遍历处理的最后一步是通过优化器运行一系列已转换和未转换的步骤，以尝试确定最佳的执行计划。此优化的输出是 Neptune 引擎处理的执行计划。

## 使用 Neptune Gremlin `explain` API 调整查询
<a name="gremlin-traversal-tuning-explain"></a>

Neptune Explain API 与 Gremlin `explain()` 步骤不同。它返回 Neptune 引擎在执行查询时将处理的最终执行计划。由于它不执行任何处理，因此无论使用什么参数，它都会返回相同的计划，并且其输出不包含有关实际执行的统计数据。

考虑以下简单的遍历，它可以找到安克雷奇的所有机场顶点：

```
g.V().has('code','ANC')
```

有两种方法可以通过 Neptune `explain` API 运行此遍历。第一种方法是对 Explain 端点进行 REST 调用，如下所示：

```
curl -X POST https://{{your-neptune-endpoint}}:{{port}}/gremlin/explain -d '{"gremlin":"g.V().has('code','ANC')"}'
```

第二种方法是将 Neptune Workbench 的 [%%gremlin](notebooks-magics.md#notebooks-cell-magics-gremlin) 单元格魔术命令与 `explain` 参数结合使用。这会将单元格正文中包含的遍历传递给 Neptune `explain` API，然后在运行单元格时显示结果输出：

```
%%gremlin explain

g.V().has('code','ANC')
```

生成的 `explain` API 输出描述了 Neptune 的遍历执行计划。如下图所示，该计划包括处理管道中 3 个步骤的每一个步骤：

![简单 Gremlin 遍历的 Explain API 输出。](http://docs.amazonaws.cn/neptune/latest/userguide/images/Gremlin_explain_output_1.png)


### 通过查看未转换的步骤来调整遍历
<a name="gremlin-traversal-tuning-explain-non-converted-steps"></a>

在 Neptune `explain` API 输出中首先要查找的内容之一是未转换为 Neptune 原生步骤的 Gremlin 步骤。在查询计划中，当遇到无法转换为 Neptune 原生步骤的步骤时，该步骤和计划中的所有后续步骤都将由 Gremlin 服务器处理。

在上述示例中，遍历中的所有步骤均已转换。
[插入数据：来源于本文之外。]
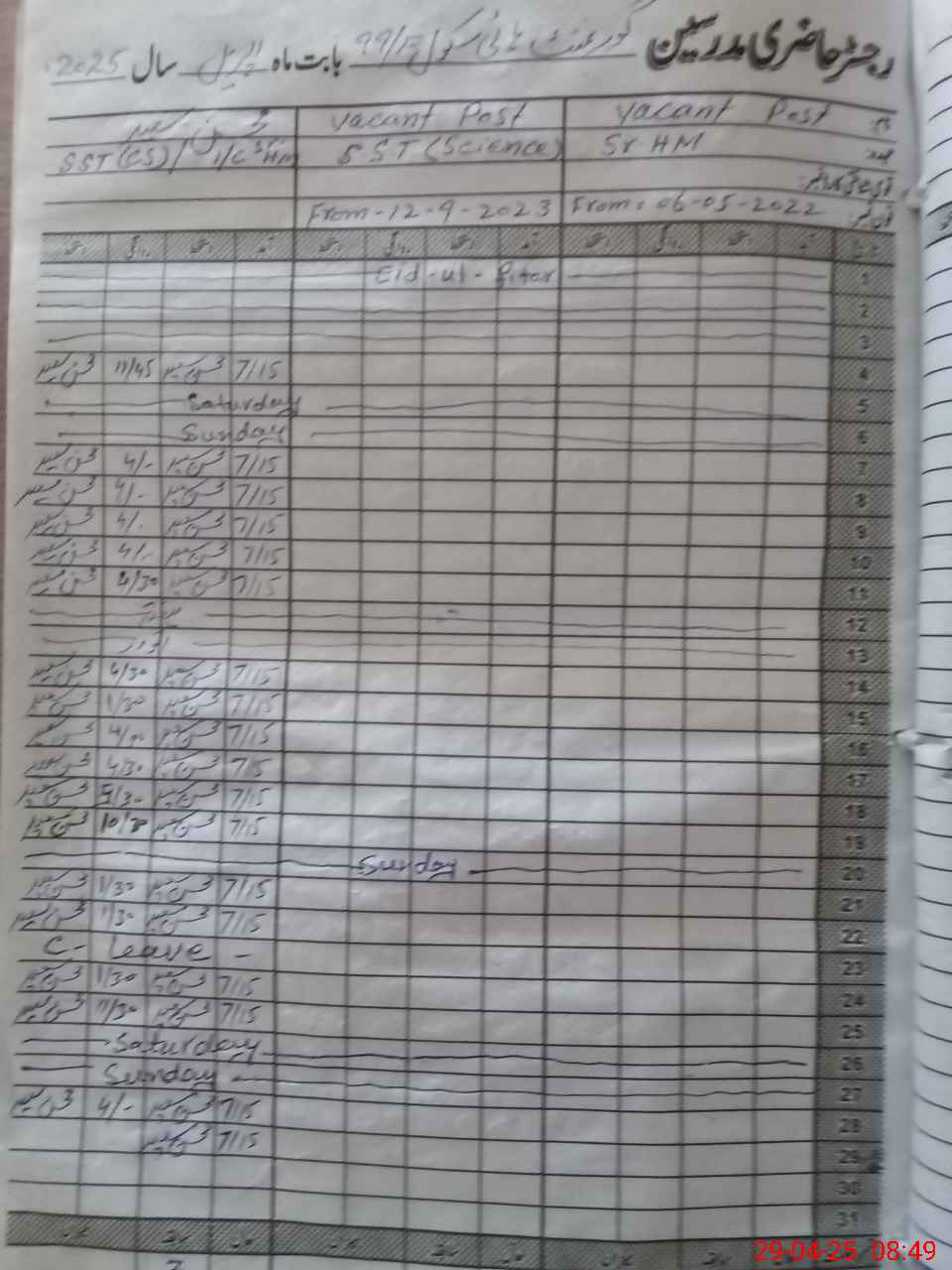 | CNIC | Full Name | Designation | R/C | Absence During Last Calender Month |
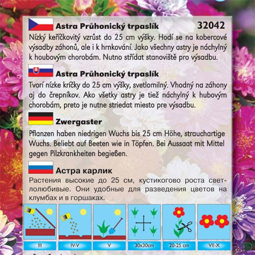Eigenschaften:Astra ist eine aufrecht wachsende, verzweigte einjährige Pflanze, die zum Schneiden und Pflanzen in Blumenbeeten bestimmt ist. Die Blätter sind eiförmig und gezähnt. Sorte „PINOCCHIO SCARLET“ – ist eine sehr attraktive, verzweigte Aster mit einer Höhe von 20–25 cm, kompaktem Wuchs, üppiger Blüte mit kleinen, vollen Blüten.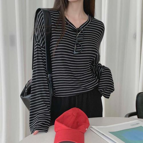 여성 귀여운 백리본 볼드숄더 줄무늬 긴팔티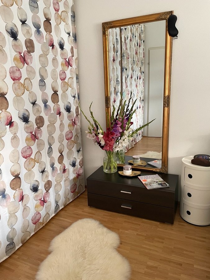 Schlafzimmer, Vorhang, IKEA Säckmal, Componibili, Spiegel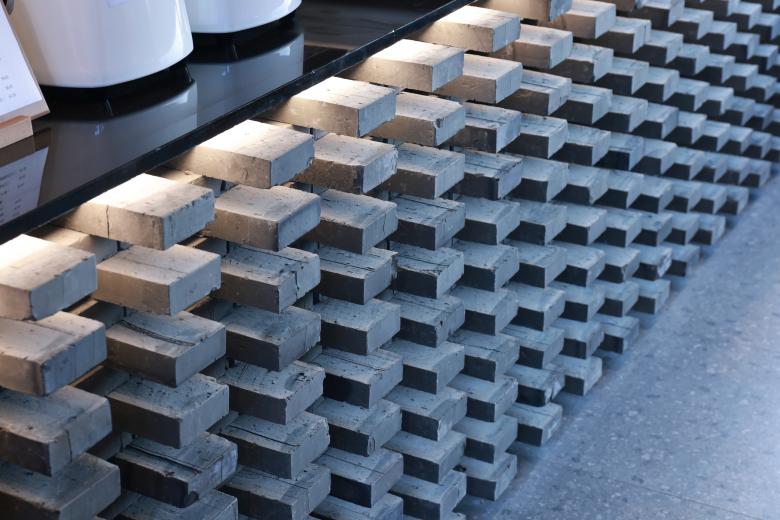 整栋建筑为木结构建筑,周围环境古朴幽静,同时店主也希望店铺的整体氛围能和古村落保持一致,因此在整体材质上我们选择了砖、木这类带有传统和自然特色的材质,来呼应场地的特殊性。天然胡桃木和深灰色砖材被用作室内空间的主要材料,带来一种和谐而充满美感的对比。胡桃木的温馨气息与灰色砖材相得益彰,后者为吧台和一层的墙壁带来独特的肌理,同时也为整个空间赋予了精致的细节及空间特征。

让我们来看看这个遍历的 `explain` API 输出：

```
g.V().has('code','ANC').out().choose(hasLabel('airport'), values('code'), constant('Not an airport'))
```

如下图所示，Neptune 无法转换 `choose()` 步骤：

![并非所有步骤都可以转换的 Explain API 输出。](http://docs.amazonaws.cn/neptune/latest/userguide/images/Gremlin_explain_output_2.png)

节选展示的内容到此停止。